On August 1, employees at a technology company in Wisconsin can choose to have a microchip the size of a grain of rice injected into their skin between their thumb and index finger. Once done, employees will be able to use it to swipe into the office building, pay for food in the cafeteria, anything requiring RFID technology.
More than 50 out of 80 employees at Three Squares Market have volunteered for this non-mandatory program, which is a partnership between Three Square Market and the Swedish company Biohax International. It is believed to be the first of its kind in the United States, though it has already been done at a Swedish company, Epicenter.
One software engineer, Sam Bengtson, said that in the future, this won’t be something that is “scoffed at so much” so it was an immediate yes right from the start. Other employees are more hesitant, even if they are excited about the technology.
Jon Krusell told The New York Times that he was leery of an implanted microchip, so instead he might get a ring with the chip in it.
The program raises a variety of privacy and health-related questions. The chips are “encrypted” but as Alessandro Acquisti, a professor of information technology and public policy at Carnegie Mellon University’s Heinz College, told the Times, encrypted is a “pretty vague term” and could include products that are indeed hackable.

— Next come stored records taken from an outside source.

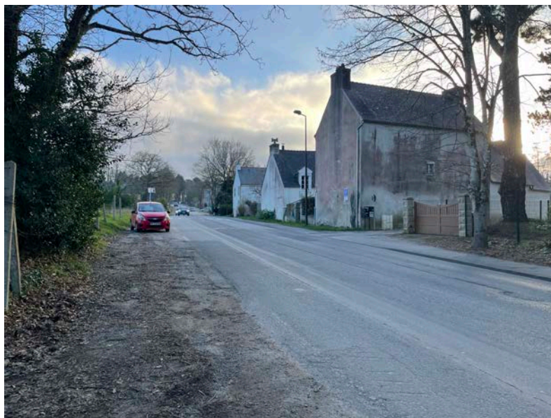
La limite actuelle non définie avec le nouveau lotissement Prat Bern à l'Est (photo à gauche) L'alternance pignon - clôture - végétation qui rythme l'axe à l'Ouest (photo à droite)

La traversée du Merrien constitue un point singulier : un pont en pierre étroit, peu valorisé, où seule une faible ouverture visuelle permet d'appréhender la vallée, un banc en mauvais état marque le lieu, ainsi que la présence d'un poste de transformation au droit de l'accès voisin vers l'est. Un projet de cheminement le long du Merrien est par ailleurs à l'étude, auquel les futurs aménagements devront pouvoir se raccorder.
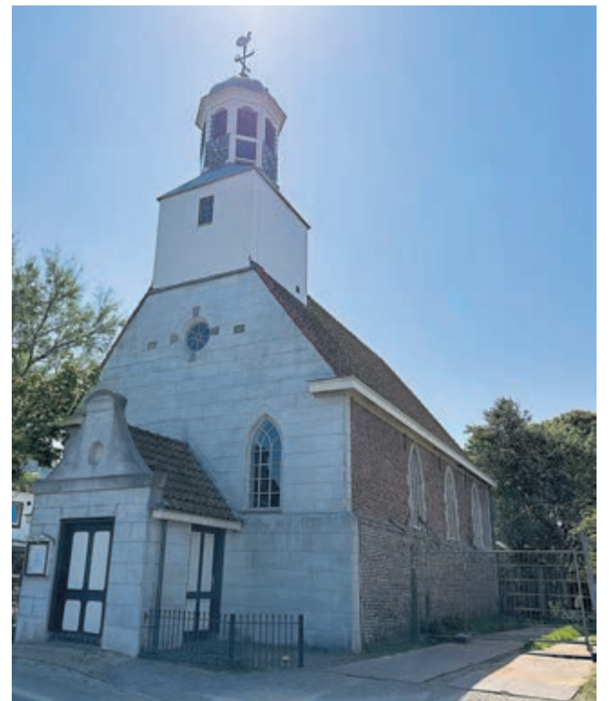
Lieflijk kerkje aan het pleintje midden in de levendige plaats De Koog.
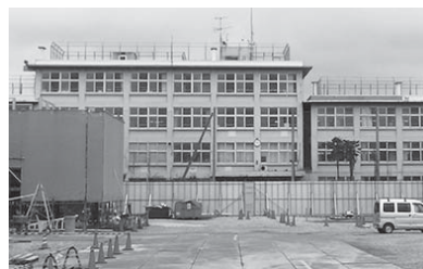
新たな入曽の施設は 市民と共に

市民部長 ①カフェコーナーや図書コーナーのほか、旧入間小学校・旧入間中学校のメモリアル
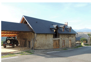
Vue de la ferme en cours de réhabilitation.
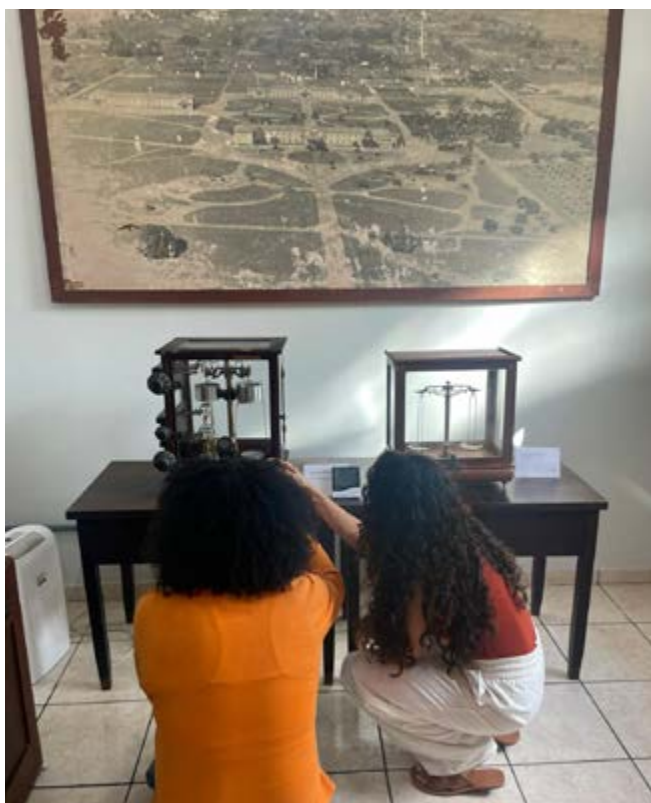
FIGURA 2—PESQUISADORAS EM ATIVIDADE NO ACERVO DO MEASB/ FONTE: ACERVO DO MEASB

Os pesquisadores (figura 2) procuram o MEASB para investigação aprofundada em temas específicos para expandir seus conhecimentos acerca do acervo do Memorial e disponibilizar ao público interessado o resultado de sua pesquisa.
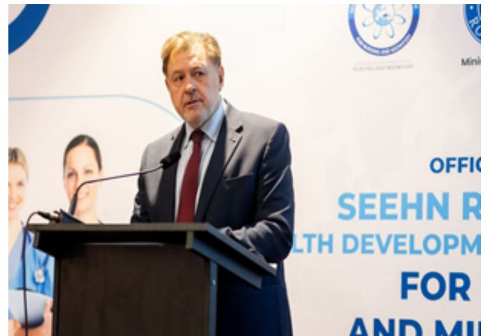
PROF. DR. ALEXANDRU RAFILA MINISTRUL SĂNĂTĂȚII DIN ROMÂNIA

Another potential problem is that even though the technology is currently designed for one purpose, it could be used for another later on. Employers could start consensually or nonconsensually tracking bathroom or lunch breaks, for example.
Dr. Acquisti said that once the chips are implanted, it’s very hard to predict or stop widening the range of use, but Todd Westby, the chief executive of Three Square, emphasized to the Times that their chip’s capabilities are limited.
However, health concerns are more difficult to assess. Though the implantable radio-frequency transponder system, the chips’ technical name, was approved by the FDA in 2004for medical uses, there have been times where the implantation site can become infected or the chip may migrate through the body.
For now, the employees at Three Square are mostly positive about the chips.
“We are a technology company, when all is said and done, and they’re excited about it,” Wahlin said to the Times. “They see this as the future.”